Дальше мне надо будет привести большие отрывки из воспоминаний уже цитированного генерал-лейтенанта И.А. Толконюка. В мемуарах, как известно, все храбрые, но Толконюк, судя по всему, таким и был. Если тысячи командиров его армии вместе с генералом Лукиным сдались немцам в плен под Вязьмой, то Толконюк, будучи ранен, из окружения вышел. Затем, уже дважды награждённый, он снова был тяжело ранен, едва не лишился ноги и был признан негодным к военной службе, но порвал заключение медкомиссиии и добился отправки на фронт. Согласитесь, что эти факты, зафиксированные в его послужном списке, достаточно хорошо о нём говорят даже без описания им своего поведения в тех переделках, в которые он попадал во время войны.

Толконюк два года служил с генералом Гордовым, причём, Гордов был, как и генерал Лукин, штабист (оба эти генерала были назначены командовать армиями с должности начальника штаба округа). По воспоминаниям Толконюка, Гордов как бы приближал его, толкового молодого штабного офицера, к себе, но одновременно стремился сломать и подмять его под себя, а Толконюк, как и полагается упрямому хохлу, упирался, в связи с чем Гордов несколько раз посылал Толконюка в качестве наказания в такие дела, в которых риск гибели офицера был очень велик, но после этого не награждал, объясняя, что за наказания не награждают. В связи с этим, Толконюк, скорее всего, Гордова очень не любил, хотя и старается быть объективным. По крайней мере, он только раз, описывая поведение Гордова, дал деталь, которую можно было бы и опустить.

«В блиндаже комдива начался разнос. Отчитав без всякого стеснения генерала Киносяна за плохую работу штаба, упрекая его в том, что, наверное, немцы и кашу получают из котлов штаба армии с согласия беспечного начальника штаба, Гордов переключился на комдива, спрашивая и не давая сказать слова, почему ему не выгодно бить немцев. Неистово почесав внутреннюю часть ног, запустив руку в ширинку (он так поступал всегда, когда сильно возмущался), командующий переключил свой гнев на меня: «Вы, операторы, всё время болтаетесь по войскам, по крайней мере этого я от вас требую, при беззубом начальнике штаба. Почему вы смирились с таким безобразием?».

Толконюк пишет, что он несколько раз пытался уйти на нижестоящую должность, чтобы только не служить вблизи Гордова, но тот его не отпускал.

«Молокосос! — завопил генерал, дав волю нервам. — Из штаба ты можешь уйти только в штрафной батальон. Другого пути не будет! В штрафники могу составить протекцию, у меня на это и власти и воли хватит. Подумать только, Степан Ильич, — обратился Гордов с насмешкой к Киносяну, — он хочет быть начальником штаба дивизии. Губа не дура. Я ещё посмотрю, как он будет впредь работать. А начальником штаба батальона не хочешь? — резко обернулся ко мне разгневанный командующий. — Об этом можно подумать.

Оскорблённый таким оборотом дела, я вызывающе ответил: «Пойду и на штаб батальона… Хоть буду подальше от вас», — невольно вырвалось у меня.

— Нет, штаб батальона я тебе не доверю. Хотя и там я бы тебя нашёл. Не за горами.

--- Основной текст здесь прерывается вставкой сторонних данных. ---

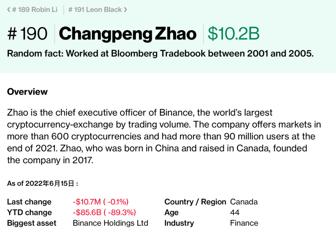 名單上領頭的、損失最慘重的就是去年底以近960億美元(當時約6100元人民幣)身家超越農夫山泉創始人鐘睒睒的4244億元人民幣,登頂華人首富的世界最大加密貨幣交易所幣安(Biance)創辦人趙長鵬。數據顯示,其身家已經僅剩102億美元,財富蒸發了將近89%。有網友戲稱,這是“一夜返貧”。

Как-то вызвал меня Киносян и завязал спокойную беседу, почему-то сделав страдальческое выражение лица: «Я докладывал командарму, что ты стал за последнее время ещё больше, чем раньше, раздражителен, болезненно реагируешь на замечания и упрёки, свои суждения отстаиваешь, как непогрешимые. А ведь на начальство обижаться нельзя. Знал бы ты, сколько мне приходиться терпеть и сносить обид. Но ведь я не обижаюсь. Служба есть служба».

Я знал, конечно, что начальнику штаба с генералом Гордовым было нелегко работать, и сочувствовал ему. Но всё же возразил: «Любая служба должна быть разумной…» Но генерал прервал меня: «А хочешь знать, как на это среагировал командующий? Он сказал по твоему адресу: «Ничего, сломится. Не такие сламывались».

И вот то, что у Толконюка с Гордовым были паршивые отношения, делает, на мой взгляд, нижеприведённые воспоминания Толконюка очень достоверными. Напомню, что Чуйков и Рокоссовский между строк отметили, что Гордов трус и боится бывать на командных пунктах, расположенных вблизи передовой. Но это было летом 1942 года, когда Гордов командовал 21 и 64 армиями, а затем — Сталинградским фронтом. В августе его с этой должности сняли и, надо думать, и за трусость тоже. Снятие — это наказание, а наказание даётся для исправления. В октябре 1942 года Гордова назначают командующим 33-й армией, здесь с ним знакомится Толконюк, и оставляет о Гордове вот такие воспоминания.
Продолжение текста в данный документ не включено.